(Stored dataset items)
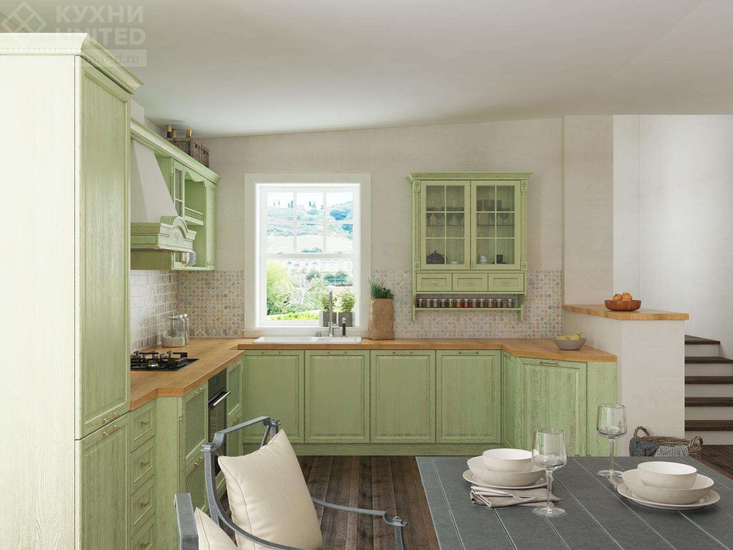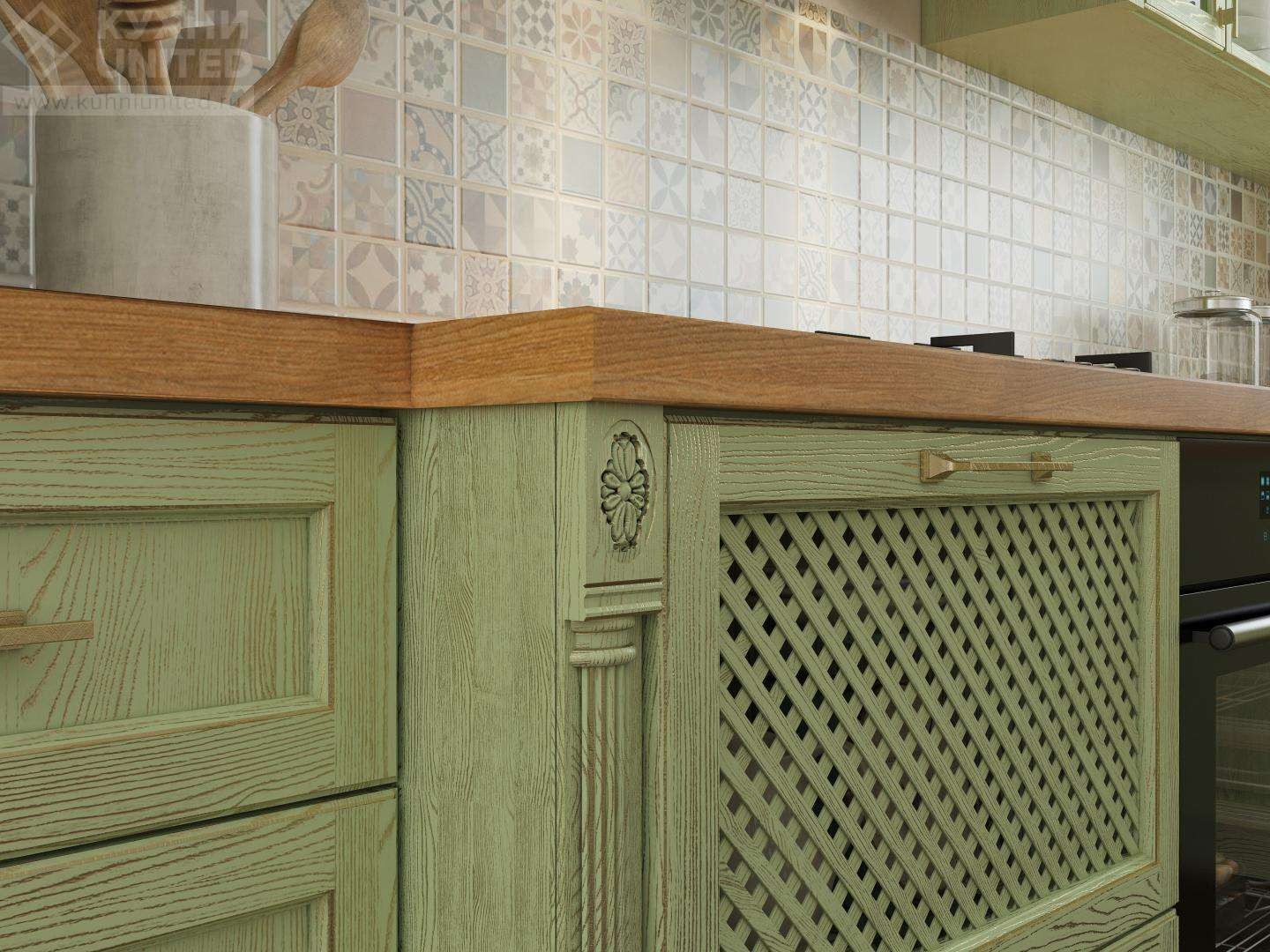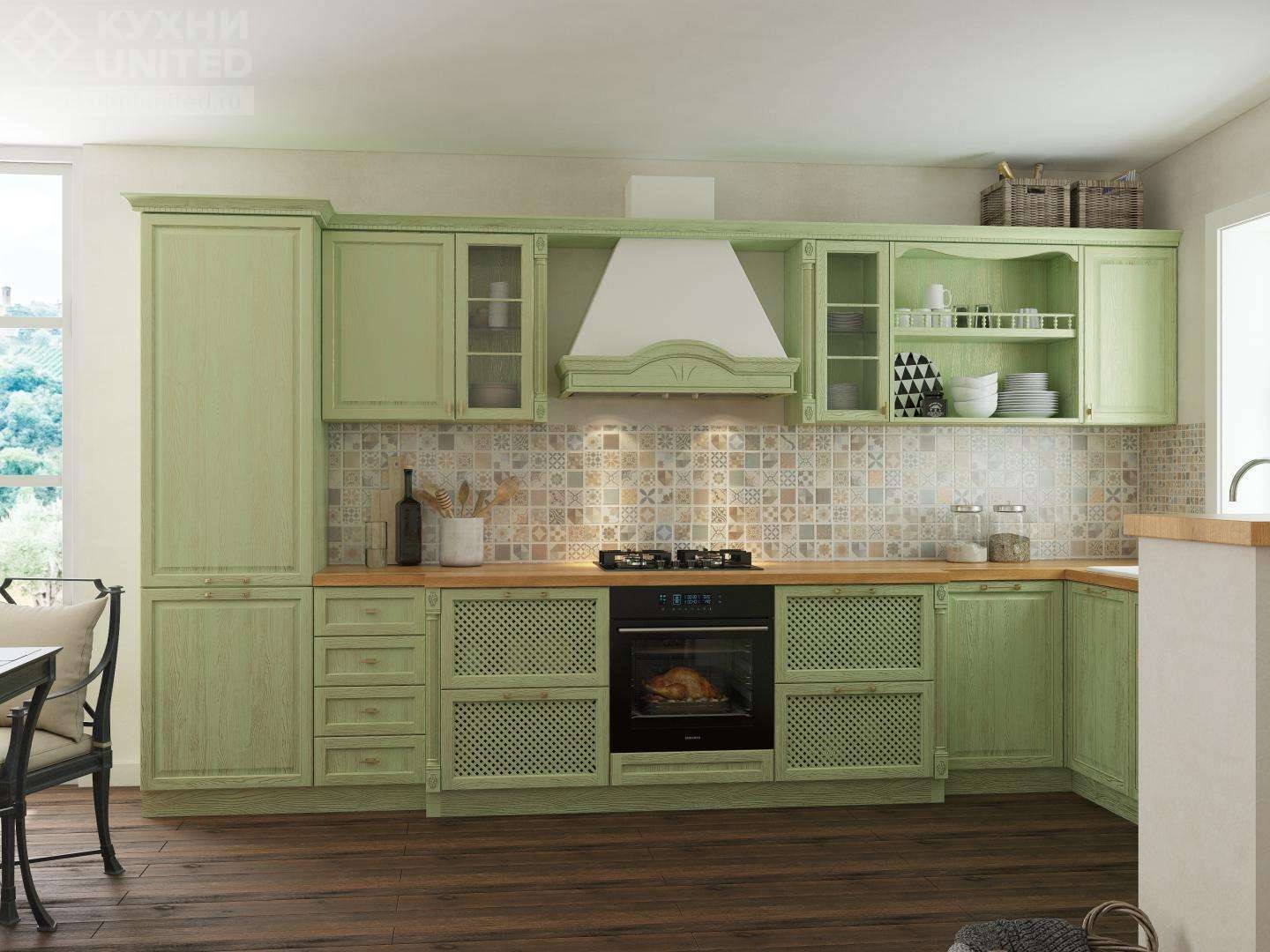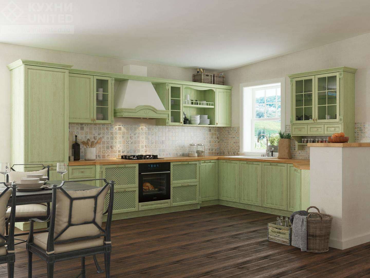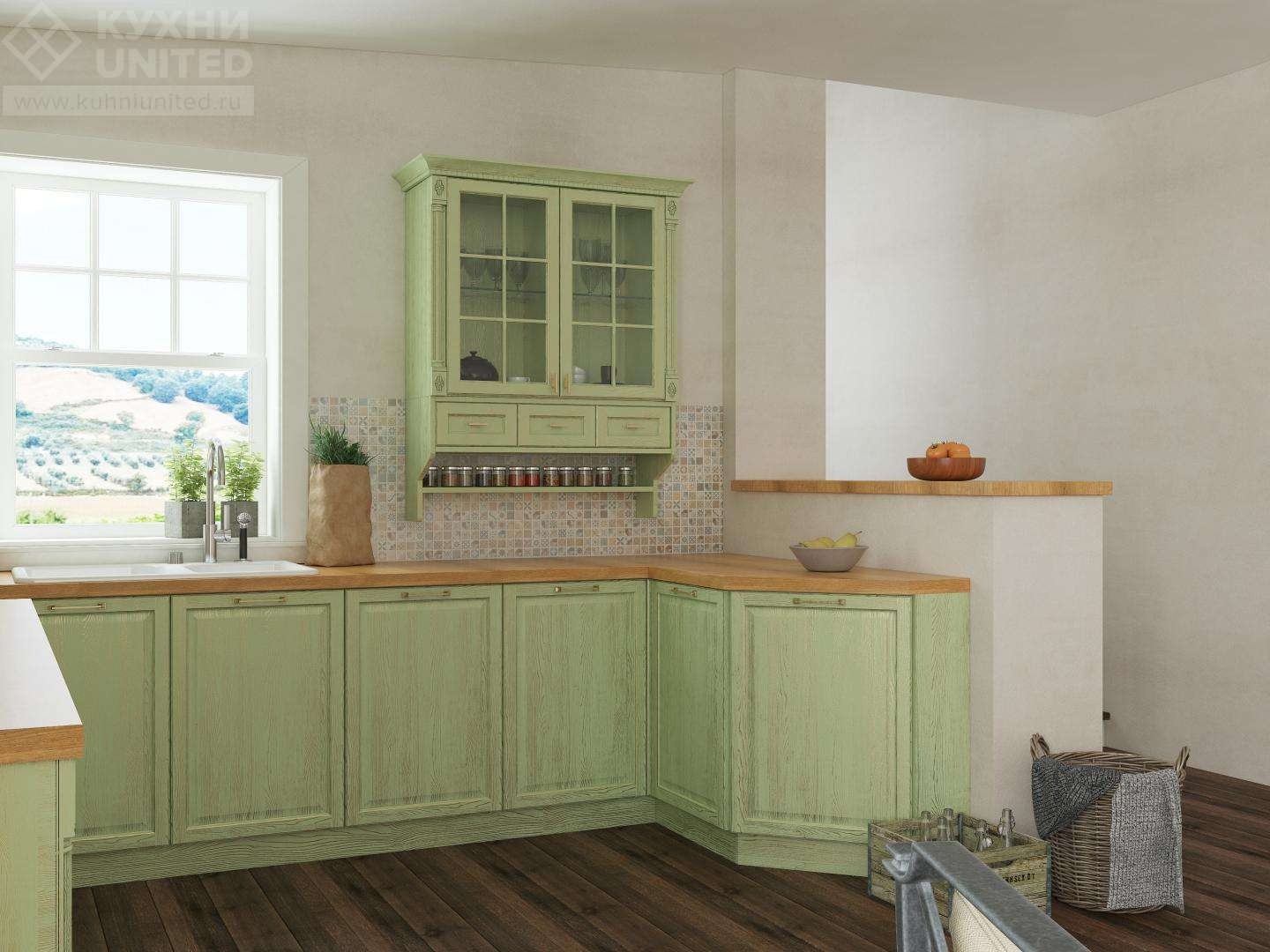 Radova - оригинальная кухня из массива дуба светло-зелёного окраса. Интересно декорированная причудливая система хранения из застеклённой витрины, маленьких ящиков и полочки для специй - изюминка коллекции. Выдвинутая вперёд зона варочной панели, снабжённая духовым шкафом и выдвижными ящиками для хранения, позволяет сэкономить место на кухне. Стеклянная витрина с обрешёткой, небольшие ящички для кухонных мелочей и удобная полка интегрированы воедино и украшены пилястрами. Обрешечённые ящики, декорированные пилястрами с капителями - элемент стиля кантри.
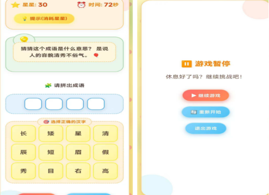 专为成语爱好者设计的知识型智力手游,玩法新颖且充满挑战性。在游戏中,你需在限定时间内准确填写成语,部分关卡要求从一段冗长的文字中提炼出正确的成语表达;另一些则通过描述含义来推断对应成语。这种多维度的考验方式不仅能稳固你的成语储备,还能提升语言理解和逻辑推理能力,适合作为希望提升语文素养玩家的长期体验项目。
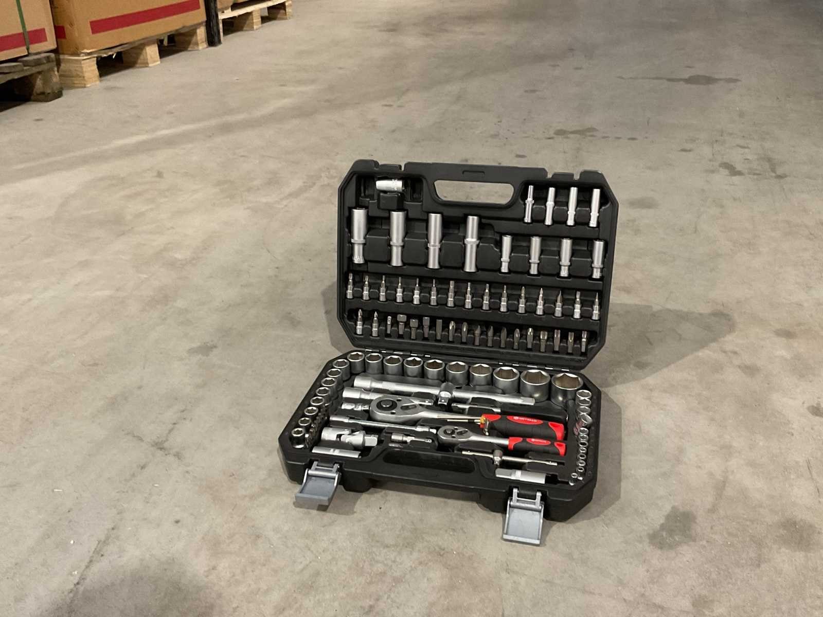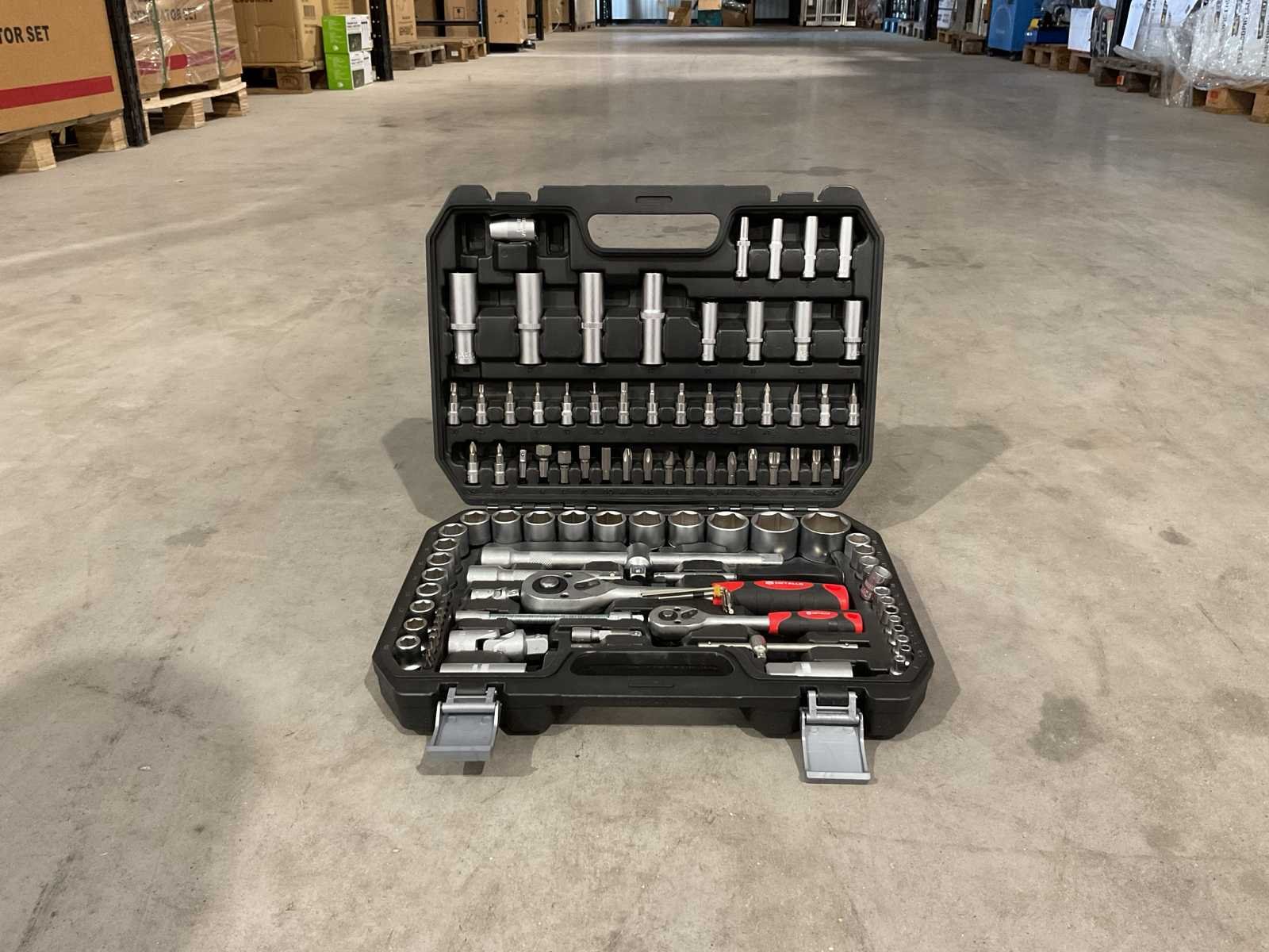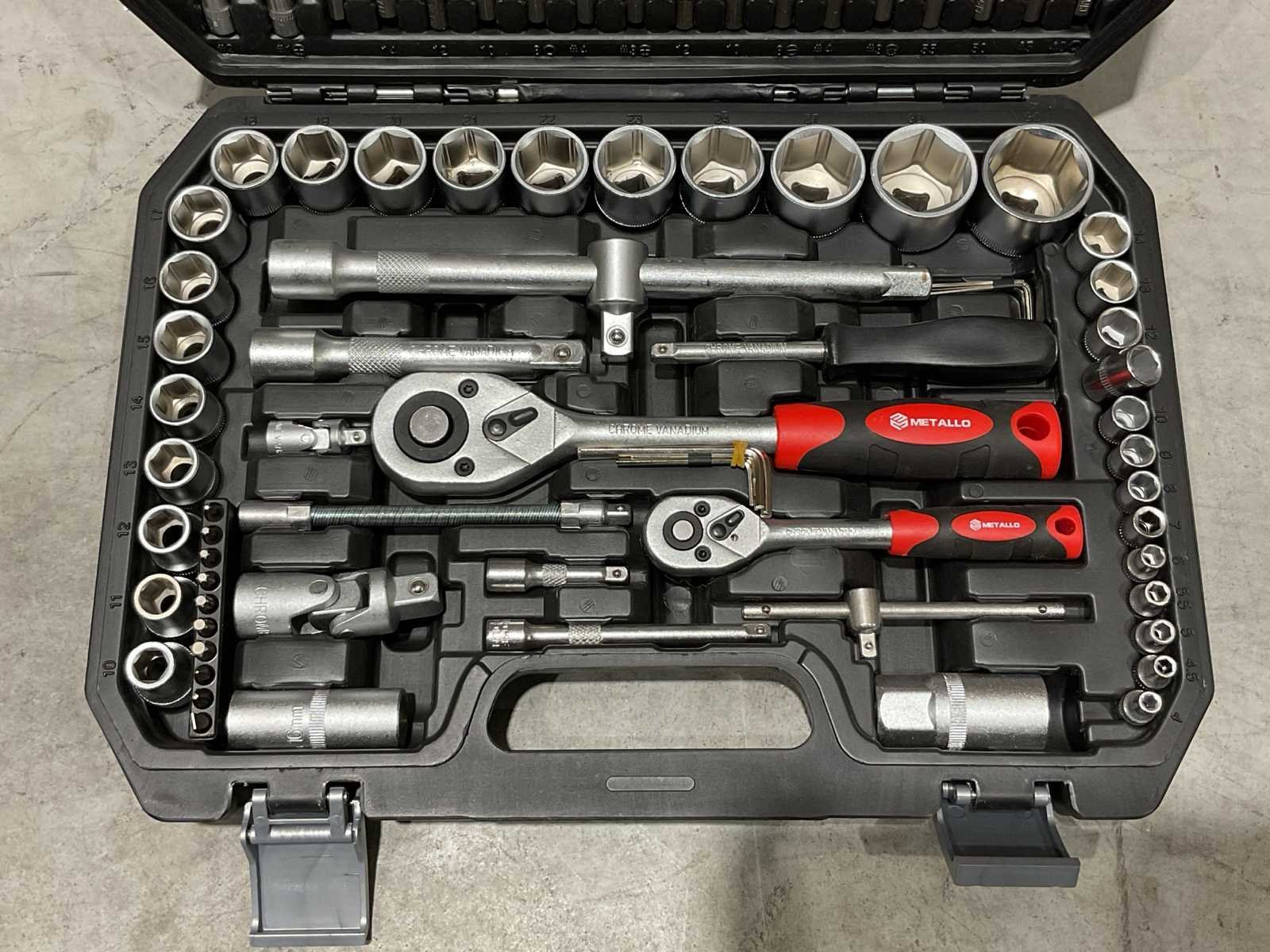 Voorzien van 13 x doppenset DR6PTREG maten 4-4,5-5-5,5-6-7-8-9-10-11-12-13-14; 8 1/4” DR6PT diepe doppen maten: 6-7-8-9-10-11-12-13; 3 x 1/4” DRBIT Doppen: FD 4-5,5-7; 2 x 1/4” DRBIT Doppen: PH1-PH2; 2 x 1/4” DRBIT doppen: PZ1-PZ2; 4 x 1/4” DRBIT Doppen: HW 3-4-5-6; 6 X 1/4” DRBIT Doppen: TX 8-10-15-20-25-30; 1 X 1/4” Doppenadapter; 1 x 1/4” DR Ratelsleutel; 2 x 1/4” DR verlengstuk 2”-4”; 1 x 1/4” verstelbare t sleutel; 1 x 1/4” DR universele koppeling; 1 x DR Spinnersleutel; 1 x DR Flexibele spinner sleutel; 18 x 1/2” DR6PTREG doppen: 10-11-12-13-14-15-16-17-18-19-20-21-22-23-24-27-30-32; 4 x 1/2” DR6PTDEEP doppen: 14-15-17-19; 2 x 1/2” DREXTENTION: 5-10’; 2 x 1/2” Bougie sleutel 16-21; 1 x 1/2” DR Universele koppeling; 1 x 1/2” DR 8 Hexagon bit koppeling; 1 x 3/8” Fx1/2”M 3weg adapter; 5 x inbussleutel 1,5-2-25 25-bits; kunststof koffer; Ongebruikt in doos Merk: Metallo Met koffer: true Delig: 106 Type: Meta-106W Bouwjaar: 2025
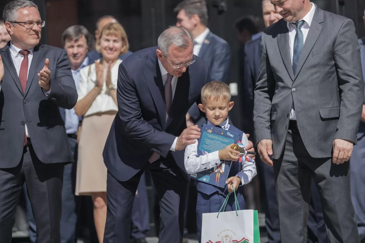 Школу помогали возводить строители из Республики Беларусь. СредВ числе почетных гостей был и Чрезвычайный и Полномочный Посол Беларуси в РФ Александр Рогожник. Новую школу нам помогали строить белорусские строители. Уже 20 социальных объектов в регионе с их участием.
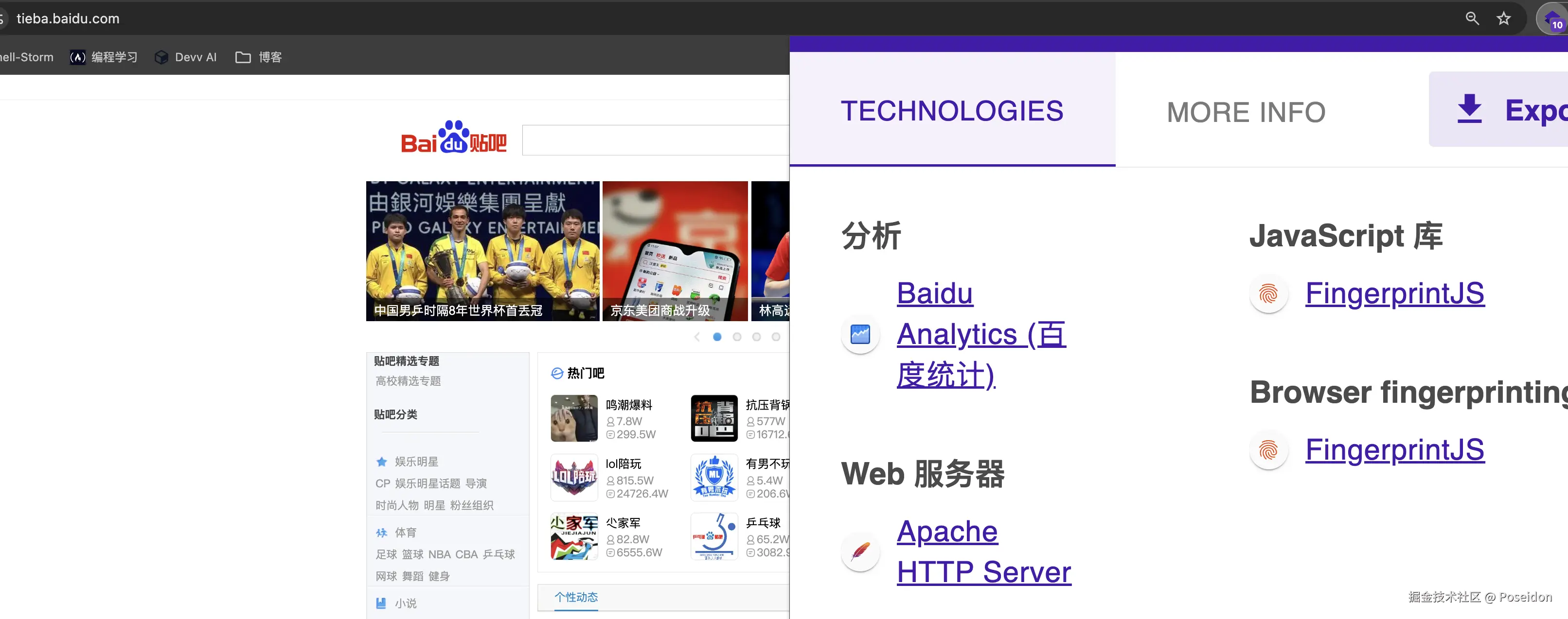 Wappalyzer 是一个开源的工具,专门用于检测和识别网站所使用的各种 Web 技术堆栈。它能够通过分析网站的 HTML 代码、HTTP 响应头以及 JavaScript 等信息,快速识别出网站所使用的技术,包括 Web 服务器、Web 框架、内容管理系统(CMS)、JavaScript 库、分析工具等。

(Activity)
An exact copy of every entry, without pictures, should be your output.

(Written answer)
 Radova - оригинальная кухня из массива дуба светло-зелёного окраса. Интересно декорированная причудливая система хранения из застеклённой витрины, маленьких ящиков и полочки для специй - изюминка коллекции. Выдвинутая вперёд зона варочной панели, снабжённая духовым шкафом и выдвижными ящиками для хранения, позволяет сэкономить место на кухне. Стеклянная витрина с обрешёткой, небольшие ящички для кухонных мелочей и удобная полка интегрированы воедино и украшены пилястрами. Обрешечённые ящики, декорированные пилястрами с капителями - элемент стиля кантри.
 专为成语爱好者设计的知识型智力手游,玩法新颖且充满挑战性。在游戏中,你需在限定时间内准确填写成语,部分关卡要求从一段冗长的文字中提炼出正确的成语表达;另一些则通过描述含义来推断对应成语。这种多维度的考验方式不仅能稳固你的成语储备,还能提升语言理解和逻辑推理能力,适合作为希望提升语文素养玩家的长期体验项目。
 Voorzien van 13 x doppenset DR6PTREG maten 4-4,5-5-5,5-6-7-8-9-10-11-12-13-14; 8 1/4” DR6PT diepe doppen maten: 6-7-8-9-10-11-12-13; 3 x 1/4” DRBIT Doppen: FD 4-5,5-7; 2 x 1/4” DRBIT Doppen: PH1-PH2; 2 x 1/4” DRBIT doppen: PZ1-PZ2; 4 x 1/4” DRBIT Doppen: HW 3-4-5-6; 6 X 1/4” DRBIT Doppen: TX 8-10-15-20-25-30; 1 X 1/4” Doppenadapter; 1 x 1/4” DR Ratelsleutel; 2 x 1/4” DR verlengstuk 2”-4”; 1 x 1/4” verstelbare t sleutel; 1 x 1/4” DR universele koppeling; 1 x DR Spinnersleutel; 1 x DR Flexibele spinner sleutel; 18 x 1/2” DR6PTREG doppen: 10-11-12-13-14-15-16-17-18-19-20-21-22-23-24-27-30-32; 4 x 1/2” DR6PTDEEP doppen: 14-15-17-19; 2 x 1/2” DREXTENTION: 5-10’; 2 x 1/2” Bougie sleutel 16-21; 1 x 1/2” DR Universele koppeling; 1 x 1/2” DR 8 Hexagon bit koppeling; 1 x 3/8” Fx1/2”M 3weg adapter; 5 x inbussleutel 1,5-2-25 25-bits; kunststof koffer; Ongebruikt in doos Merk: Metallo Met koffer: true Delig: 106 Type: Meta-106W Bouwjaar: 2025
 Школу помогали возводить строители из Республики Беларусь. СредВ числе почетных гостей был и Чрезвычайный и Полномочный Посол Беларуси в РФ Александр Рогожник. Новую школу нам помогали строить белорусские строители. Уже 20 социальных объектов в регионе с их участием.
 Wappalyzer 是一个开源的工具,专门用于检测和识别网站所使用的各种 Web 技术堆栈。它能够通过分析网站的 HTML 代码、HTTP 响应头以及 JavaScript 等信息,快速识别出网站所使用的技术,包括 Web 服务器、Web 框架、内容管理系统(CMS)、JavaScript 库、分析工具等。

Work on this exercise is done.